For the first time, Ethiopia’s federal government now faces a direct challenge from a group that controls a regional government and has considerable military capacity. The TPLF has not only left the ruling coalition but directly challenged its authority. And having played a pivotal role in the guerrilla war against the Derg, TPLF leaders know how to overthrow a government.

In a bid to embarrass Abiy and advance its demands for greater autonomy for the Tigray region, the TPLF has made a number of deliberately provocative moves in recent months. After the prime minister postponed general elections because of the coronavirus pandemic, for instance, the TPLF defied his orders and held an election of its own, effectively setting up Tigray as a state within a state.

For his part, the prime minister has done little to calm tensions. Despite his carefully cultivated reformist image, Abiy remains a military leader who rose to the top of the country’s intelligence agency before assuming the premiership. His instinct is to respond to provocations with force, not compromise. He could have simply responded to the TPLF’s growing assertiveness with targeted airstrikes and then sued for peace on favorable terms. Instead, he punished the TPLF politically as well as militarily—disbanding the Tigray regional government and escalating the conflict. By effectively excluding TPLF leaders from the political system, Abiy has all but ensured that they will fight to overthrow it.

Despite his confident predictions of a swift victory, Abiy may struggle to score a decisive win against the TPLF. The Ethiopian state is stronger than it was in the past, but the government faces multiple challenges to its authority across its vast territory. And the longer the conflict drags on, the more likely other liberation and secessionist groups—including from Abiy’s own Oromo community—are to join the fray, multiplying the cycle of repression and rebellion.


If Ethiopia returns to civil war, the entire African continent will suffer. Prolonged military confrontation will not only lead to serious loss of life in Ethiopia but also set in motion a series of related emergencies. A new refugee crisis will engulf neighboring countries, such as Kenya and Sudan, both of which already host sizable refugee or displaced populations. Ethiopia itself has 1.8 million displaced people within its borders. The addition of millions more, coupled with disruptions to agricultural production and infrastructure, could lead to food shortages and undermine the fight against COVID-19.
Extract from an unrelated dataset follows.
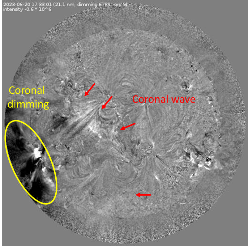 The clip (SDO/AIA 094 ; multi-million degrees) shows the evolution in this area from around 2 hours before to 1 hour after the flaring event. The blooming and diffraction patterns in the EUV images are image artefacts, not related to the flare - See this STCE newsitem for more info). Some coronal dimming and an EIT wave can be seen using the Solar Demon tool (SIDC ; annotated image).

More worrying still, a drawn-out conflict could pull in neighboring countries, such as Egypt and Eritrea, which may be tempted to support either the federal government or rebel armies in order to advance their interests. There are already fears that Eritrean President Isaias Afwerki will provide military support and assistance to Abiy. The close relationship between the two leaders and the fact that both hold historical grudges against the TPLF has already led Tigrayan leaders to accuse the two men of conspiring against them.
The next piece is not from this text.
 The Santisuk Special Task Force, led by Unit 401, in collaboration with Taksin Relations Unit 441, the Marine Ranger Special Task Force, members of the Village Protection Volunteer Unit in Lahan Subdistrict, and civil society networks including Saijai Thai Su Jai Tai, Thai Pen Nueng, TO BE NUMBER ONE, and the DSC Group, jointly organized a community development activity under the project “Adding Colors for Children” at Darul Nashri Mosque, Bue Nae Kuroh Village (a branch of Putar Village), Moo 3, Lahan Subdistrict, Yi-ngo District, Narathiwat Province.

The fighting is already escalating, reportedly with heavy casualties. The international community has missed the opportunity to prevent conflict from breaking out, but by taking timely and concerted action, major Western donors, influential foreign partners such as China, and the African Union could still encourage moderation. Together, they could push Abiy and the TPLF to the negotiating table and emphasize the need for the government to return to its reform agenda—and hold credible elections—to rebuild public confidence.
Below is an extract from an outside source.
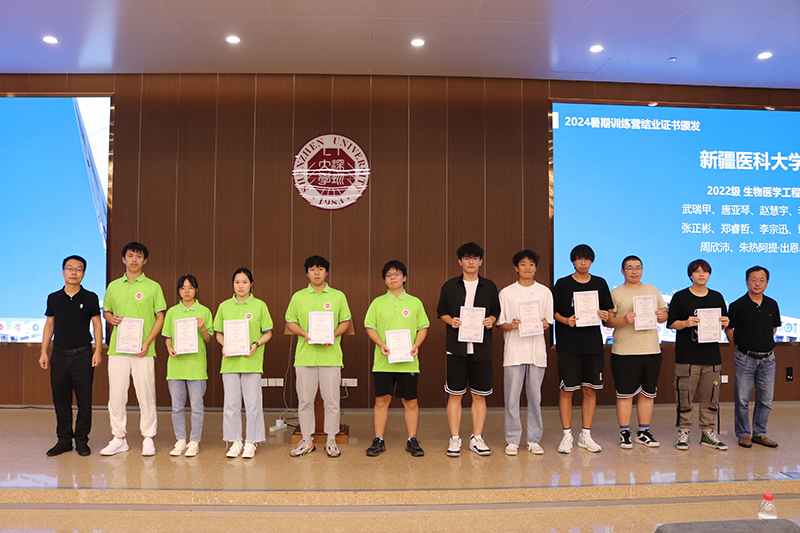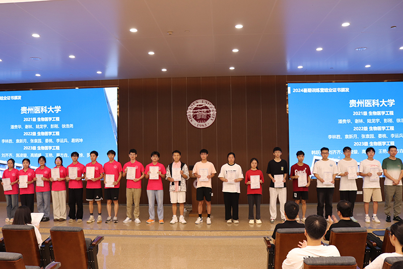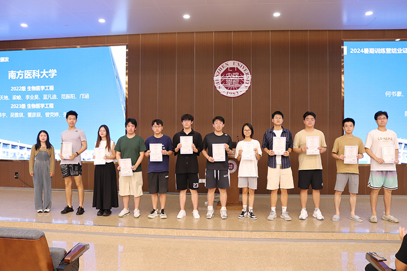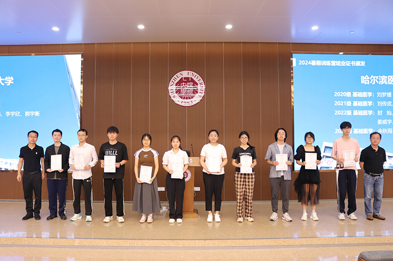 2024年8月12日,医工融合卓越工程师暑假训练营结营仪式在深圳大学丽湖校区启明楼举行,参加结营仪式的老师分别是哈尔滨医科大学李佳琦、贵州医科大学詹桂兰、中南民族大学曹汇敏、湖北科技大学吴迪、深圳大学陈昕和董磊。

Unified international pressure is a rarity in today’s multipolar world, but the specter of widespread conflict in the Horn of Africa should help regional and world powers get on the same page. Although they have very different interests in and visions for Ethiopia, China, the United Kingdom, the United States, and the African Union have all made significant investments in the country in recent years—from the construction of the African Union headquarters to military assistance and major development projects—none of which will survive a civil war. If there is not a concerted response in the coming days, and Ethiopia slides into a full-scale civil war, it will not only be the Ethiopians who ask why the international community did little to prevent a regional catastrophe.